Teddy Gelman Teddy Gelman

BY
MANAGING SPORTS EDITOR

The most frustrating part about Saturday’s loss to No. 1 ranked James Madison was not the woeful 89 pass yards Delaware registered –– or the three turnovers by the Blue Hens, oor the sensational effort by the defense that was wasted by a failing offense, or the less-than-three-quarters-full Delaware Stadium for a game against the top team in the country –– but it was that the Blue Hens’ legitimate bid to upset their archrival was ultimately defined by offensive deficiency and instability.

Quarterback Joe Walker showed a few rare spurts of speed and agility –– as he often does –– but was once again doomed by a consistent stream of telegraphed passes and poor decisions in the pocket. His 15-yard touchdown pass to wide receiver Jamie Jarmon, when he used his speed to extend the play before throwing a dart to Jarmon in the endzone, provided a reminder of what Walker could be. Yet this version of Walker is only an illusion, a glimpse of what former Head Coach Dave Brock saw when he recruited Walker prior to the 2014 season.

The authentic version of Walker represents a frustrating reality. In his third year as the Hens starting quarterback, Walker’s progression on the field is slow and sporadic. After throwing for a total of 954 yards with three touchdowns and six interceptions last season –– in six games under Brock and five under interim coach Dennis Dottin-Carter following Brock’s firing –– Walker opened the 2017 season by throwing for a career high in passing in two of the first three games under Head Coach Danny Rocco.

He’s thrown four touchdowns in four games this season –– more than he had all of last season –– while collecting 557 yards in the air, over half of what he threw for all of last season.

Yet Walker’s performance so far this season will be remembered by what he did not do Saturday against James Madison, as opposed to what he did do against Delaware State, Virginia Tech and Cornell.

The redshirt junior struggled mightily against the JMU defense –– ranked No. 1 in the CAA –– throwing for 47 yards on 5-11 passing with a touchdown and two turnovers. And while Walker’s deficiencies are magnified by the exceptional effort of the Blue Hens’ defense –– which kept Delaware in the game, giving up only 13 points to what many consider the best offense in the country –– the harsh reality is that with Walker at the helm, Delaware’s chances to score a touchdown late in the fourth quarter to tie the game were marginally low.

The even harsher reality is that there appears to be no other QB on the roster who would have given Delaware a better shot. Rocco clearly recognizes this, which could explain in large part why Walker won the starting job over transfer J.P. Caruso in August.

But the stagnant and meager play by the Delaware offense Saturday afternoon earned Rocco’s disapproval, which reached a peak mid-way through the fourth quarter when he benched Walker for Caruso. Upon entering the game, Caruso appeared uncomfortable and awkward, completing two passes on seven attempts.

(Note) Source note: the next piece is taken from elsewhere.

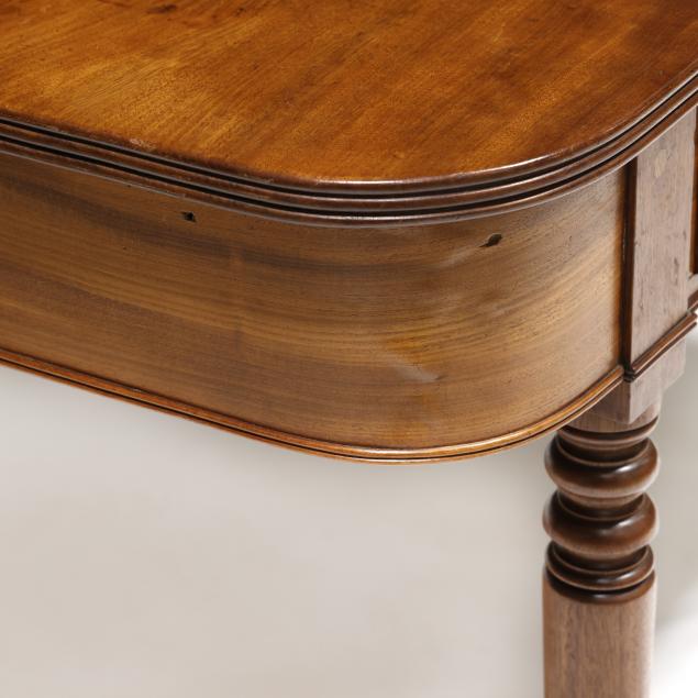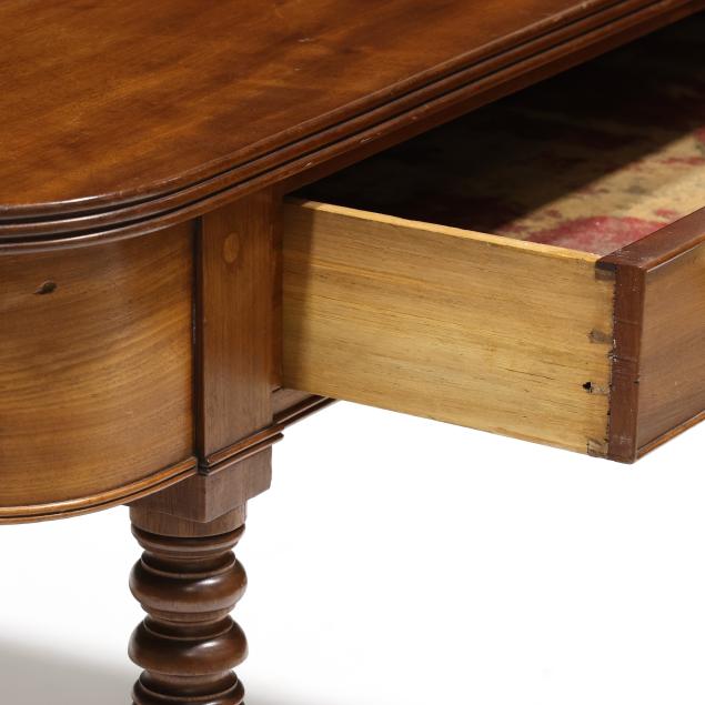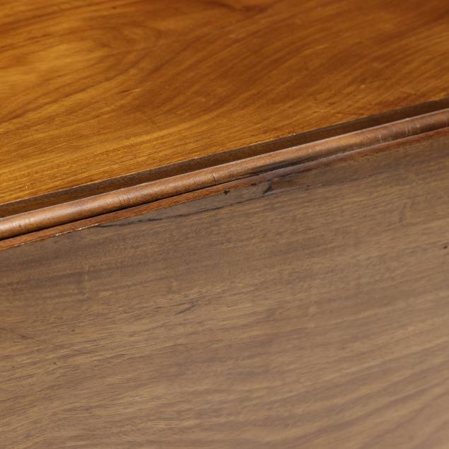 Top with scraping and wear from general use; later pulls and lock with patch to cock beading; front left leg with plug hole (likely from being reset); drawer interior with residue from previous liner being removed.

Monday afternoon, Rocco said that he expected “some element of breakthrough” from Walker on Saturday. Rather, Walker regressed, and Rocco did not specify who would start this Saturday against Stony Brook.

While the offense prepares for a critical game against CAA-leading Stony Brook, it finds itself operating as it did in August: with both quarterbacks splitting reps, unable to take charge of the Rocco offense. Another talented defense looms this weekend, and it’s now very clear: the quarterback position remains as the weakest link on the team.